**YOUR TASK**
Every entry should come back exactly as written, minus the pictures.

**DATA SUPPLIED**
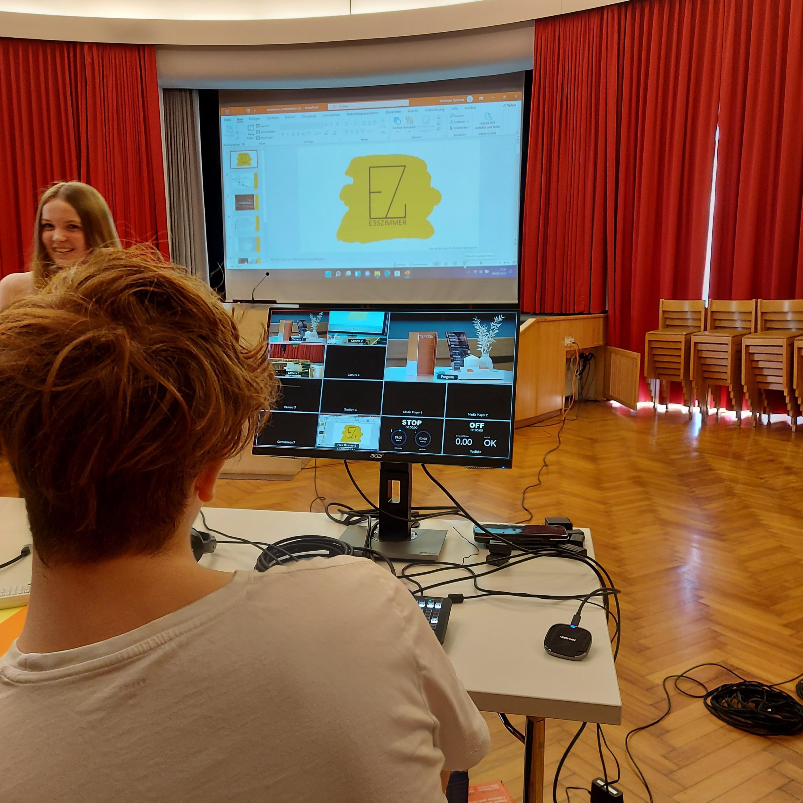April 2022: Der Festsaal der KSL verwandelte sich in einen Studioraum: Mischpult und Kameras waren in den Händen von Schüler:innen der 3. HLW Klassen. In Anlehnung an die Fernsehserie „2 Minuten 2 Millionen“ präsentierten insgesamt 20 Schülergruppen in einem zweiminütigen Pitch ihr fiktives Gastro-Unternehmen. Im Anschluss stellten sie sich den Fragen der Jury aus Lehrkräften und suchten um eine Unternehmensbeteiligung an. Die originellsten Unternehmen wurden mit einem 20€ Bistrogutschein belohnt.
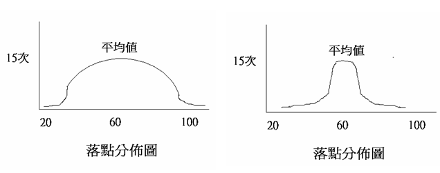 右邊這張圖的平均值也是60秒,其中大約也是有15通左右是60秒,雖然也有幾通電話短到20秒,也有幾通電話長到100秒,但大部分電話集中在50秒到70秒之間。
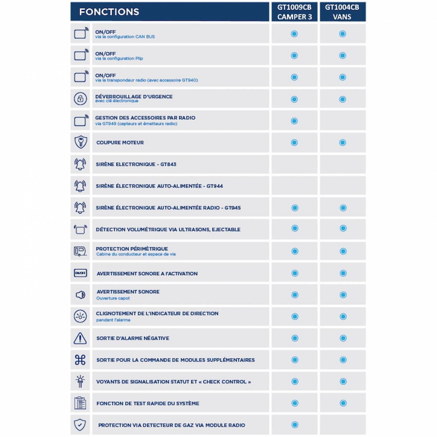 El GT1009CB es un completo sistema de alarma diseñado para proteger eficazmente la célula, la cabina, las puertas, las ventanas, los cofres y las lunas de tu vehículo recreativo.
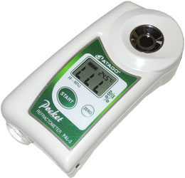 Измерение %СВ выполняется непосредственно рефрактометром до появления кристаллов, и с разбавлением 1:1 после их появления (инструкция к ручному рефрактометру ATAGO, инструкция к лабораторному рефрактометру РПЛ)
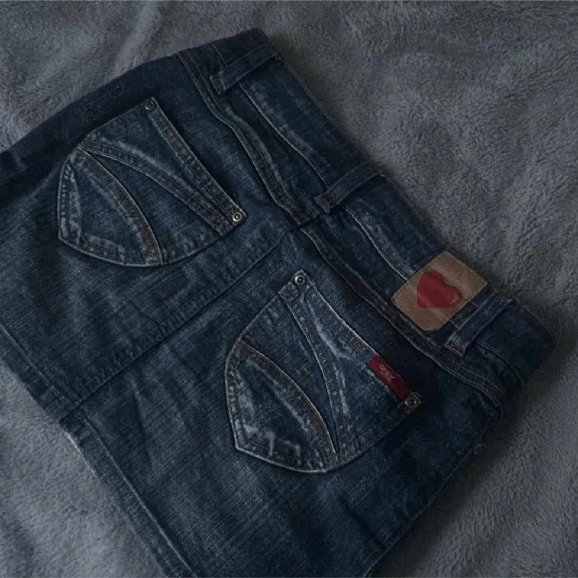 Mörkblå jeanskjol med slitningar och hjärtdetalj
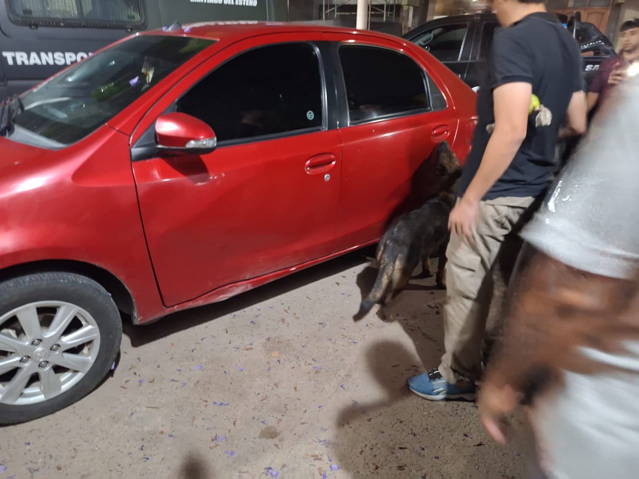 De esta manera y con datos precisos, en horas de la noche interceptaron un automóvil Toyota Etios color rojo que se encontraba por inmediaciones de Av. Belgrano y Necochea de la ciudad de La Banda, con tres ocupantes.

**YOUR RESPONSE**
April 2022: Der Festsaal der KSL verwandelte sich in einen Studioraum: Mischpult und Kameras waren in den Händen von Schüler:innen der 3. HLW Klassen. In Anlehnung an die Fernsehserie „2 Minuten 2 Millionen“ präsentierten insgesamt 20 Schülergruppen in einem zweiminütigen Pitch ihr fiktives Gastro-Unternehmen. Im Anschluss stellten sie sich den Fragen der Jury aus Lehrkräften und suchten um eine Unternehmensbeteiligung an. Die originellsten Unternehmen wurden mit einem 20€ Bistrogutschein belohnt.
 右邊這張圖的平均值也是60秒,其中大約也是有15通左右是60秒,雖然也有幾通電話短到20秒,也有幾通電話長到100秒,但大部分電話集中在50秒到70秒之間。
 El GT1009CB es un completo sistema de alarma diseñado para proteger eficazmente la célula, la cabina, las puertas, las ventanas, los cofres y las lunas de tu vehículo recreativo.
 Измерение %СВ выполняется непосредственно рефрактометром до появления кристаллов, и с разбавлением 1:1 после их появления (инструкция к ручному рефрактометру ATAGO, инструкция к лабораторному рефрактометру РПЛ)
 Mörkblå jeanskjol med slitningar och hjärtdetalj
 De esta manera y con datos precisos, en horas de la noche interceptaron un automóvil Toyota Etios color rojo que se encontraba por inmediaciones de Av. Belgrano y Necochea de la ciudad de La Banda, con tres ocupantes.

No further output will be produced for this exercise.